Forgotten Shopping


Because there are so many things I can’t hear I’m semi-constantly aware that my life is not quite like most other people’s. The big example of course is speech. I’m aware of people around me speaking all the time but I know that I can only understand what they are saying if I tune in, look at the speaker and concentrate.
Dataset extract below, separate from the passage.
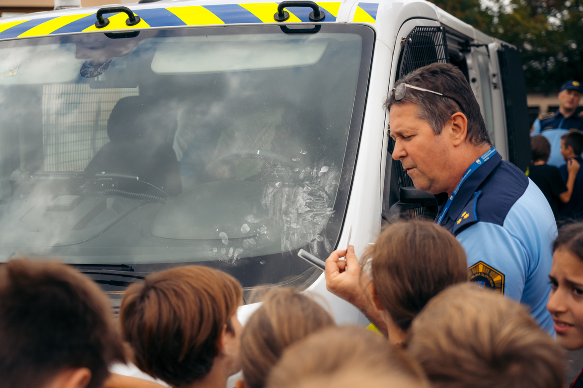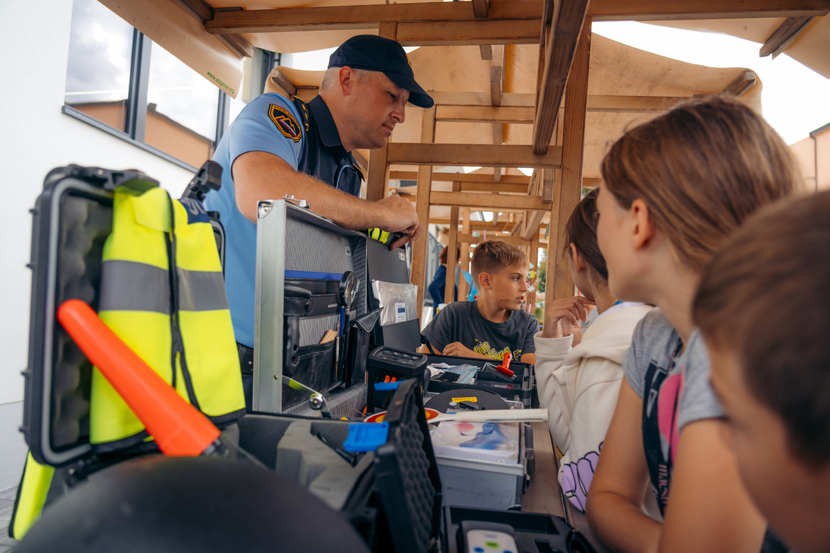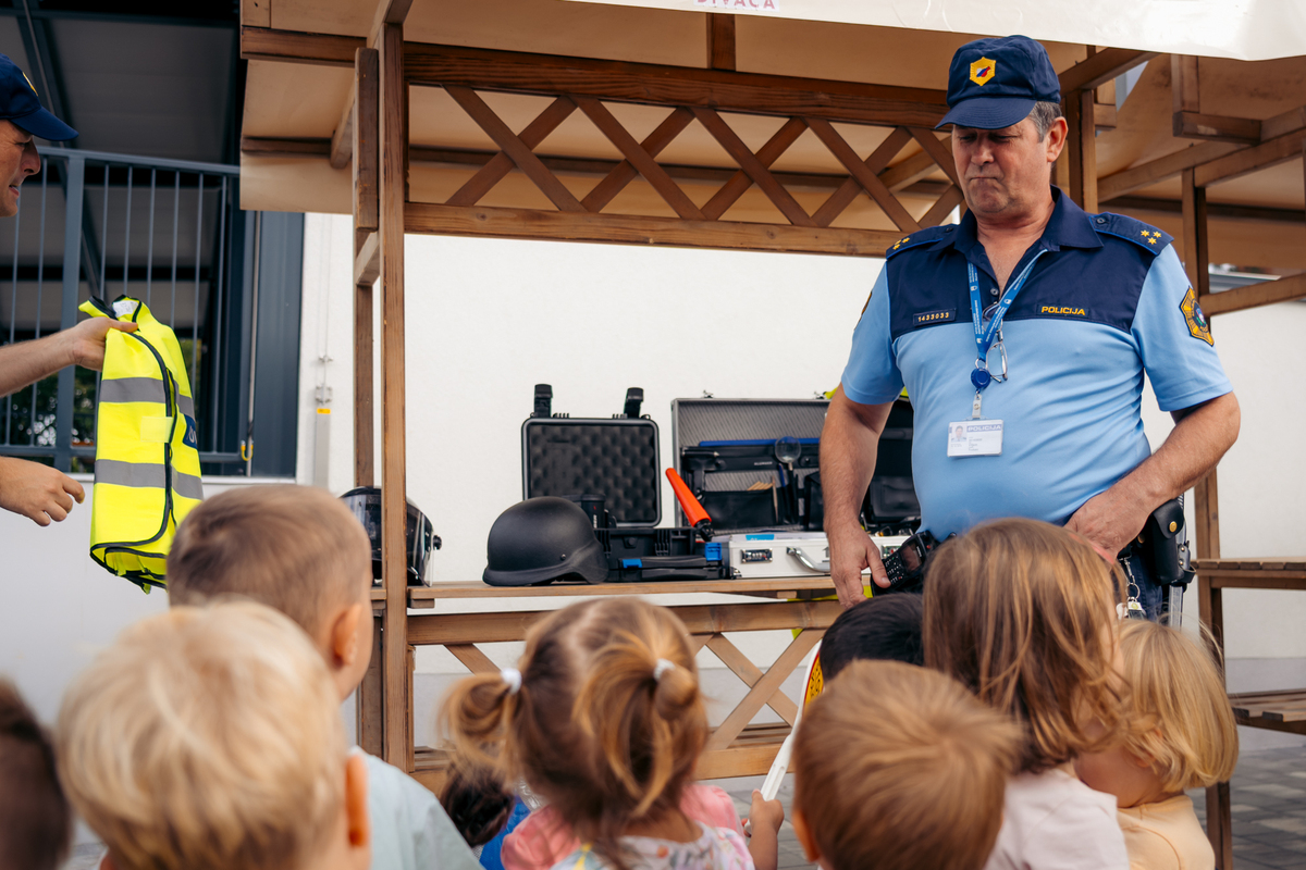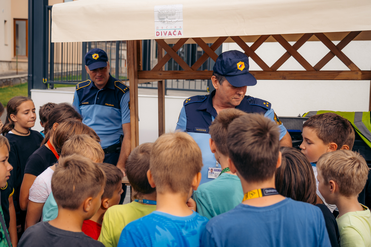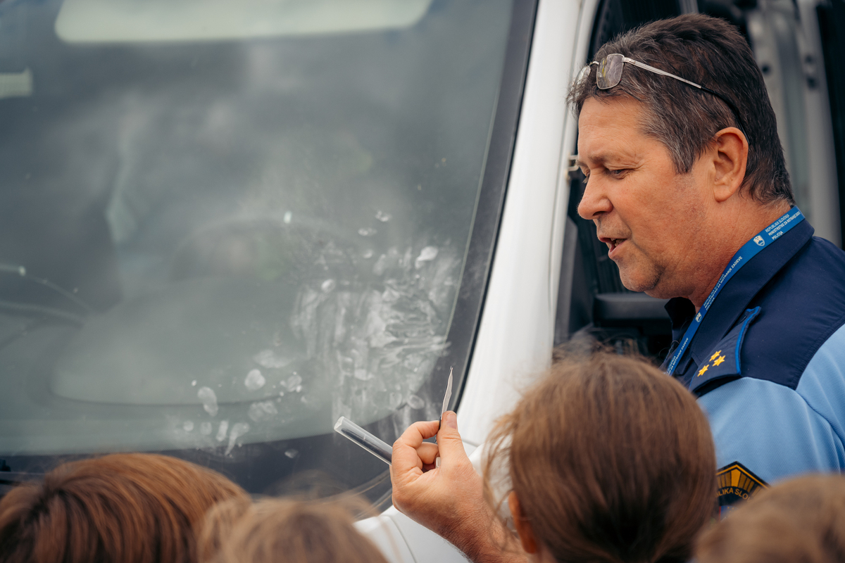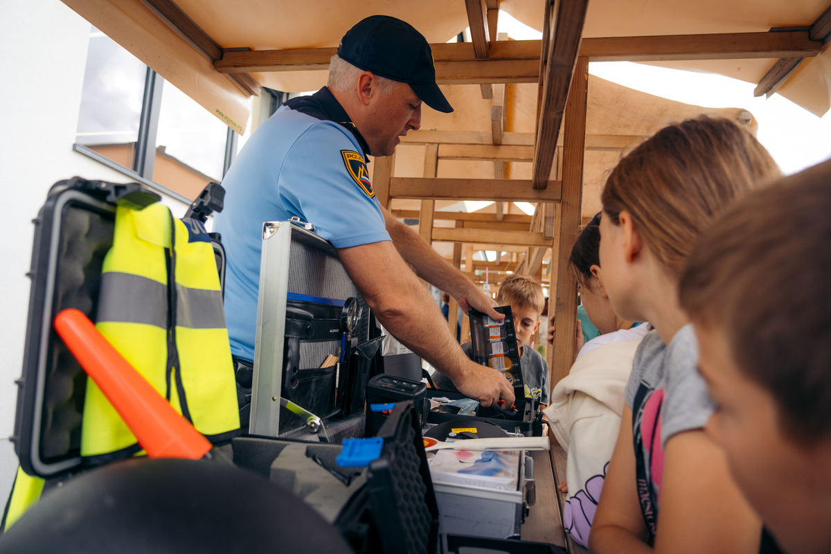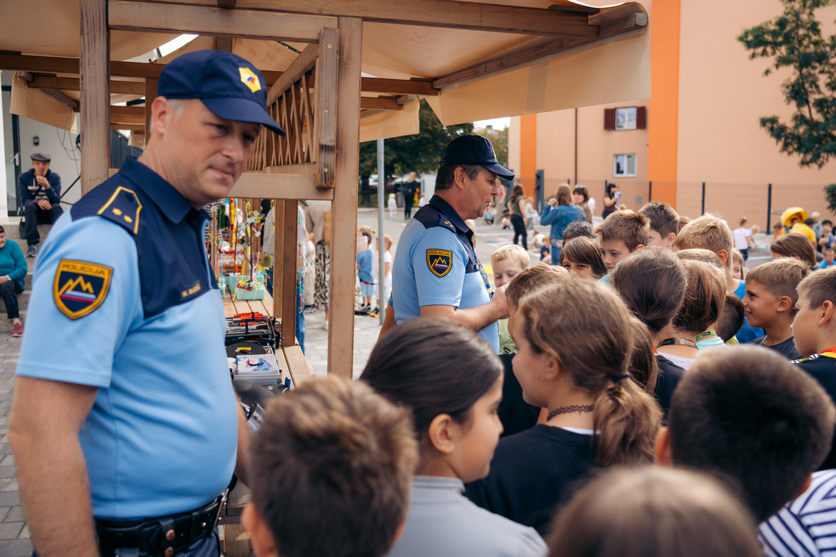Na ulici so bili z nami tudi predstavniki Policijske postaje Sežana, ki so z učenci delili znanje o svojem delu in prometni varnosti. Otroci so si lahko ogledali opremo, vozilo in orodje – najmlajši so bili še posebej navdušeni.

I know that, and I’m used to it. Life goes on. But sometimes things happen to remind you of things you are missing that you’d forgotten all about. An example happened in the Post Office in the other week. To set the scene, in our household my husband does a weekly online grocery shop but I do the shopping, in our local town, for things I want to see before I buy them (things like meat, fish and fresh veg). I enjoy going round the shops and my husband doesn’t so it’s a very good division of labour. Also, I can do it and scarcely feel deaf at all. Shopping is quite easy for a lip-reader, I find, because the script is so limited. At the supermarket checkout the operator might say “would you like help with your packing?” or “do you need any bags?” or “do you have a club card?” I’m expecting all of those and just have to lip read (or guess) correctly which one they have said and bob’s your uncle. In a confident mood I might even start a short chat about the weather – again, you know where the conversation is going so it’s easy to keep up. In the butcher if you state what you want clearly enough – “lean lamb for a casserole please, about a kilo” – not much else needs to be said until they say the price, and that’s fine because it shows on the till in front of you. No lip reading needed. Perhaps another “would you like a bag?” and you’re done. Success. “Thanks a lot….bye” and you’re off.

My favourite butcher

But on this day my husband was with me for some reason when I needed to go to the Post Office for some stamps. I said what I wanted, put my letters on the scales, grimaced at the fact that they were slightly heavier than ideal and would cost more than the standard rate….all going well. Now at this point you need to know that it is one of my husband’s most endearing characteristics that he chats easily to complete strangers of all types and on all occasions. If we are out fell walking he doesn’t just say hello or good morning to passing walkers, as most people would. He stops, and, given the slightest encouragement, he’s off. Where we are going, where they are going, by what route, where we live, where they live…..sometimes things progress for so long he gets on to describing our dog’s various medical conditions (she sometimes has to wear a boot on a back paw, so people ask)……..a few jokes added in and we go our separate ways. “What a friendly chap” they think. “His wife was a bit uncommunicative”.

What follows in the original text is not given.